Once you find the line with "Piatto piano decorato" in the entries below, return exactly every line from it through the line with "Dans ses célèbres".

## The data
☆ ☆ ☆

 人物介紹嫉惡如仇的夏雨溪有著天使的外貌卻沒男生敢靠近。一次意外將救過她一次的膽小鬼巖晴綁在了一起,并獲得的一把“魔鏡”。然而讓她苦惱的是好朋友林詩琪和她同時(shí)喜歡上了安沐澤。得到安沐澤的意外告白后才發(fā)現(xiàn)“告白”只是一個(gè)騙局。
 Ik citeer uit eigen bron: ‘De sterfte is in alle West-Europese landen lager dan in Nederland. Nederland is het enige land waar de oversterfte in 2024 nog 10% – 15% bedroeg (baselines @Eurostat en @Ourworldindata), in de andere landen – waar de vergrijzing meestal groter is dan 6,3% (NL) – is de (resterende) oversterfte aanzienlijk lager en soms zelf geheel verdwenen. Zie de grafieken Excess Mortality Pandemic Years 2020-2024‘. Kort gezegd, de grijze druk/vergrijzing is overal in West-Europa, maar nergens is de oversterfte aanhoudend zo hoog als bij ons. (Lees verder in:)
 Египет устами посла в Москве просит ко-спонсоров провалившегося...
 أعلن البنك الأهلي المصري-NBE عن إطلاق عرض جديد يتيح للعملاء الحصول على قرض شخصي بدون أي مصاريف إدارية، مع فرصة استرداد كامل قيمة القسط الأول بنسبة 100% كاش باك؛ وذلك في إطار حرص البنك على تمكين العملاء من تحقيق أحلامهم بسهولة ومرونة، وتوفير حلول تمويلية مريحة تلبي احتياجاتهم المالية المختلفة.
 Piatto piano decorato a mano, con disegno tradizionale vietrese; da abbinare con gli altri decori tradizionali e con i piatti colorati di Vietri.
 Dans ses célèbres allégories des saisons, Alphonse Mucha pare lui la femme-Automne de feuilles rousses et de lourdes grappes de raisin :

☆ ☆ ☆

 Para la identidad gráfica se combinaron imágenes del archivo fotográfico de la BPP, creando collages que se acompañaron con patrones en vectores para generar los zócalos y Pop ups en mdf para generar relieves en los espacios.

☆ ☆ ☆

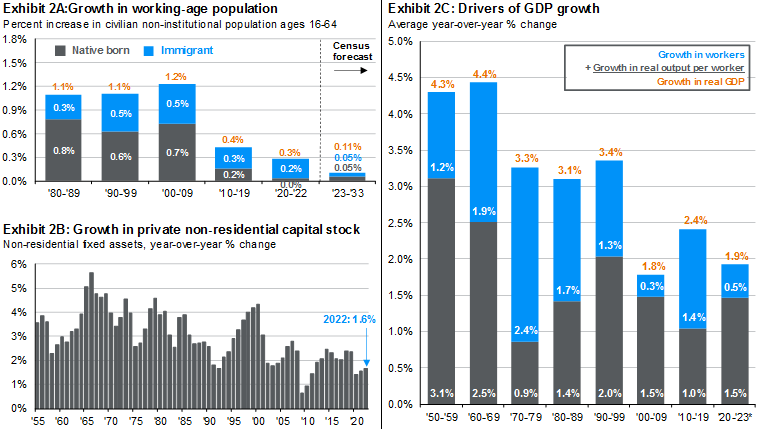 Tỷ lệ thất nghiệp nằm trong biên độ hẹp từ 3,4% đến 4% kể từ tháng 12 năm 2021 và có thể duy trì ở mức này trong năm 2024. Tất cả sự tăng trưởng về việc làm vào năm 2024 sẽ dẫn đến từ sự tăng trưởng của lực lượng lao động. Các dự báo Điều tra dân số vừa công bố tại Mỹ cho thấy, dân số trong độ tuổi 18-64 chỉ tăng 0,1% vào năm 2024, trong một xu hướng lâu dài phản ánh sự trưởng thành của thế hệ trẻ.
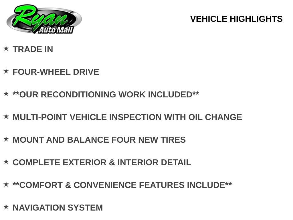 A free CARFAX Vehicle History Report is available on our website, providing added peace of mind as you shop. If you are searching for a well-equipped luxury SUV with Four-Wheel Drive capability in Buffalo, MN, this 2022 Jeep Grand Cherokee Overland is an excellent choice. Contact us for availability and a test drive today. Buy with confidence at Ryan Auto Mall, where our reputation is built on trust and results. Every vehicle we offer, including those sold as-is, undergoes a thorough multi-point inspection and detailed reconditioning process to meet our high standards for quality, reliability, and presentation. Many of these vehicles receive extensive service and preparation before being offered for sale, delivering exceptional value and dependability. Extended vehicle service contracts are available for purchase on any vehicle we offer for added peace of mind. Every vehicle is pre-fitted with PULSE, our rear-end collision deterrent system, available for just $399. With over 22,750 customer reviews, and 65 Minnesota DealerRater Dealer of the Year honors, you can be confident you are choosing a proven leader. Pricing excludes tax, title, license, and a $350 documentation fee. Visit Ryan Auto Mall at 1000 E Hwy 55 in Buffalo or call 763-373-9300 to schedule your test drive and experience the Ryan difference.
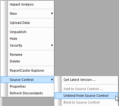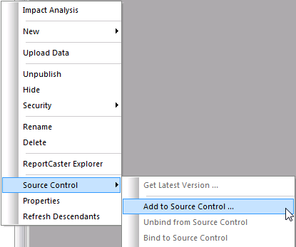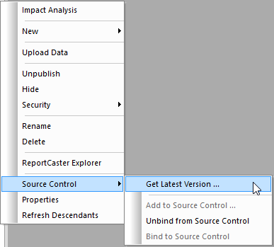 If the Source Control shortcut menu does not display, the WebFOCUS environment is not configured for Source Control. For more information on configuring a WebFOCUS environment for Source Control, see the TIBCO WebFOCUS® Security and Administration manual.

☆ ☆ ☆

## Response
 Piatto piano decorato a mano, con disegno tradizionale vietrese; da abbinare con gli altri decori tradizionali e con i piatti colorati di Vietri.
 Dans ses célèbres allégories des saisons, Alphonse Mucha pare lui la femme-Automne de feuilles rousses et de lourdes grappes de raisin :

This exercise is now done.